In the data, find each line where the word "Бжни" appears and list that line.

(Source records)

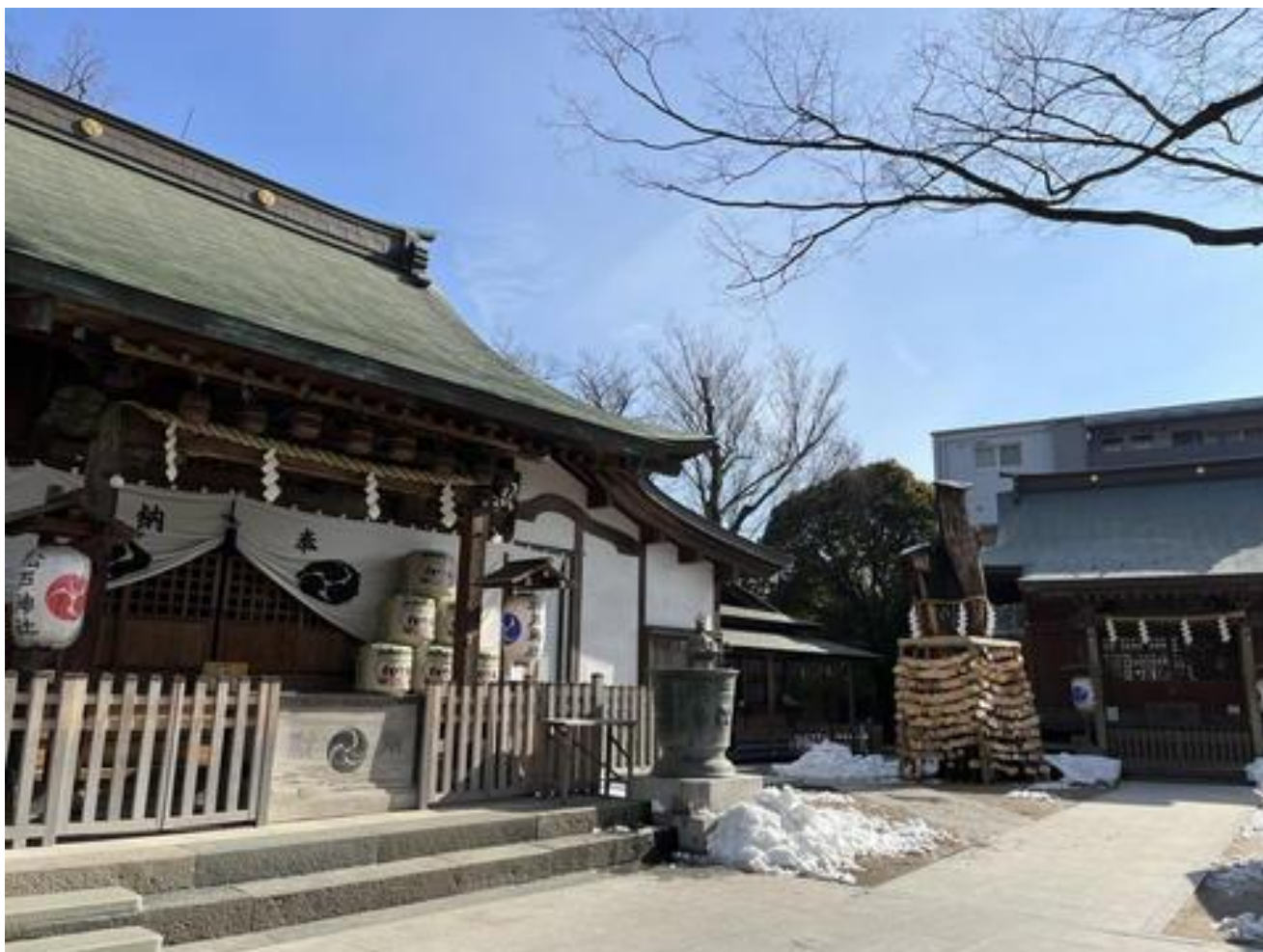
「松戸神社」境内には、先日降った雪が残っていました。
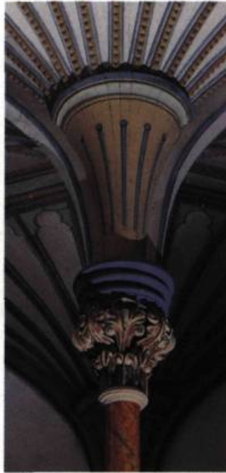
Un chapiteau et le départ d'une voûte en éventail.

Contrairement aux chapelles extérieures bien connues (celles des Ursulines, de l'Hôtel-Dieu ou du séminaire de Québec, par exemple) qui adoptent le plan ou la forme d'une église, la chapelle du couvent d'Ottawa s'inscrit dans un corps de bâtiment; elle y occupe les premier et deuxième étages, le rez-de-chaussée étant aménagé en salle de musique et le comble mansardé en dortoir. Afin de créer des espaces intérieurs bien dégagés, l'architecte utilise des colonnes pour soutenir les lambourdes de plancher. Cette disposition, employée une première fois par Thomas Baillairgé dans la chapelle de la Congrégation du séminaire de Québec en 1821, constitue à chaque étage un vaisseau principal et deux collatéraux de même hauteur, laissant ouverte toute possibilité de cloisonnement ultérieur. Emprunté à l'architecture commerciale, ce système se raffine avec l'avènement des colonnes de fonte et les structures de planchers de bois enduits: les portées plus grandes sont possibles et la protection contre le feu est accrue.
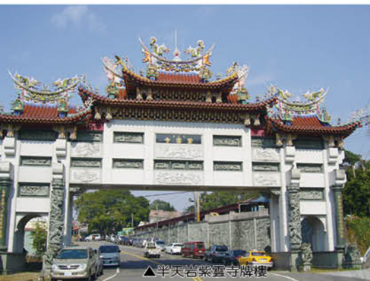
▲半天岩紫雲寺牌樓

番路鄉位於嘉義市東方，有山有水，可說是嘉義市的後花園。筆者來番路鄉服務十年了，說我是半個番路人也不為過吧！我這半個番路人常常是以番路鄉的各景點為家人散心的好去處：
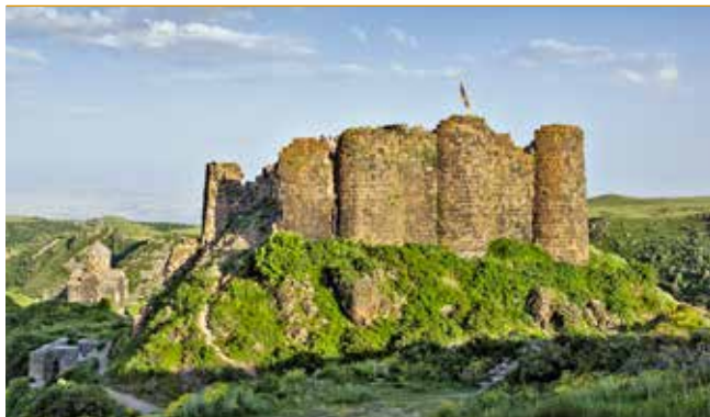
Реконструкция стен крепости Бжни

ное стратегическое значение. В XI–XII вв. эти земли принадлежали князьям Пахлавуни, которые выстроили на вершине холма посреди села мощную крепость, считавшуюся неприступной благодаря прокопанным подземным ходам в окрестные деревни, что позволяло осажденным получать провиант. В 1066 г. в большом соборе (построен в 1031 г., хорошо сохранился) монастыря Пресвятой Богородицы в Бжни прошли выборы католикоса Армении. Крепость и все поселение были разрушены войсками Тимура в кон. XIV в. Монастырь позже восстановили, и вплоть до XX в. он продолжал оставаться важнейшим центром армянской письменности, науки и культуры.
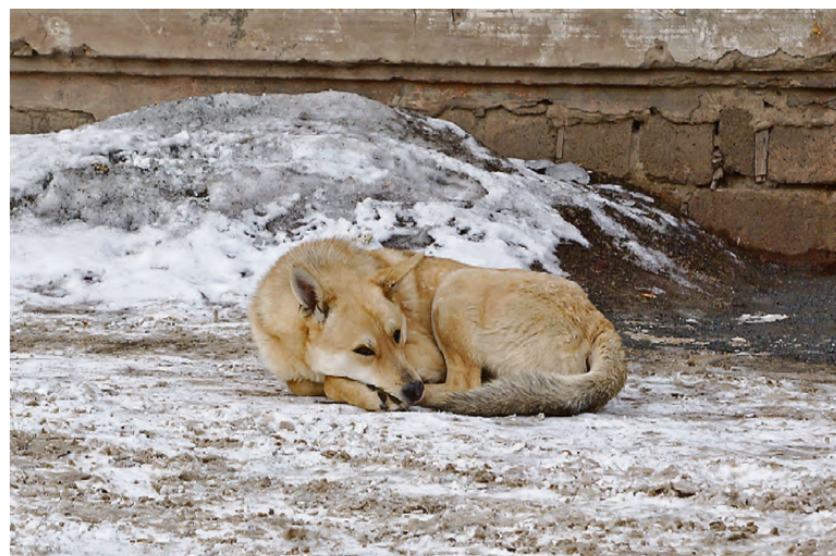
Черноморская, 37. Одинокий пес устало смотрит на нечищенный двор.

(End Source records)

Response for this exercise
Реконструкция стен крепости Бжни
ное стратегическое значение. В XI–XII вв. эти земли принадлежали князьям Пахлавуни, которые выстроили на вершине холма посреди села мощную крепость, считавшуюся неприступной благодаря прокопанным подземным ходам в окрестные деревни, что позволяло осажденным получать провиант. В 1066 г. в большом соборе (построен в 1031 г., хорошо сохранился) монастыря Пресвятой Богородицы в Бжни прошли выборы католикоса Армении. Крепость и все поселение были разрушены войсками Тимура в кон. XIV в. Монастырь позже восстановили, и вплоть до XX в. он продолжал оставаться важнейшим центром армянской письменности, науки и культуры.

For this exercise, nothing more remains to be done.